Fiji Village reports a landmark ruling by the Suva High Court, which has given the landowners of a Serua Mahogany plantation the ability to apply for a forestry harvest license.

This is the excerpt of the Fiji Village article:



Serua Mahogany Landowners Entitled Harvesting License

By fijivillage
Jan 19, 2007, 17:19

In a bench mark ruling, the Suva High court yesterday ordered that Serua mahogany landowners are entitled to a license to harvest their own mahogany.

High court judge Jiten Singh ruled that they are now entitled to a license from the Native Land Trust Board to harvest mahogany planted on their land after the mataqali Naua applied to the NLTB for a license to log the mahogany which was denied.

In his judgment Justice Singh highlighted that the evidence before him indicates that the financial benefits to the landowners are far superior if they log their own mahogany since they have ready buyers for their products

Lawyer representing the landowners Isireli Fa said they have already negotiated a price for the mahogany which is estimated to earn the landowners $1.8 million after costs of extraction.
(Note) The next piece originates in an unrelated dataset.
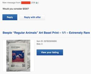 We know what the market thinks of Beeple’s Regular Animals NFTs - a new sale just closed at $36,000.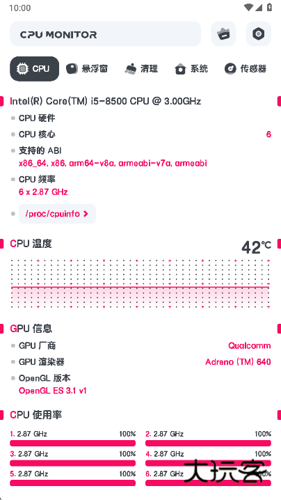 cpu监测app是一款专业的性能监测类工具,通过该工具能够为大家提供到非常不错的监测服务,支持用户随时查看cpu硬件等等信息,了能够为大家带来专业的系统工具应用,同时该应用也是支持一键清理垃圾,加速网络状态等等,有需要的朋友现在就来下载使用吧!

Prior applications filed by the landowning unit, was understood to have been denied by the agency responsible for indigenous land in Fiji, the Native Lands Trust Board (N.L.T.B).

This court ruling has also inextricably set up a new paradigm, allowing other native landowning units to contest the multitude of resources available on their ancestral land. This new found ability, further underscores the inability of the Great Council of Chiefs (GCC) to achieve such empowering actions, for the people that they supposedly spoke for.

Another contention is that, why these avenues of livelihood were denied in the first place by the N.L.T.B? The agency charted with responsibility of acting and managing these prime acreages of real estate, with the best interest of the landowners in mind; only had dubious intentions, well embedded in greed and subterfuge.

This court ruling has also confirmed firmly held suspicions that, these native institutions were created for the sole purpose of benefit ting this minority indigenous elite in Fiji. The unintended consequences of the agenda driven influences from a clumsy aristocratic hierarchy was, the political dramatization of class warfare in Fiji, resulting in a track record of coups.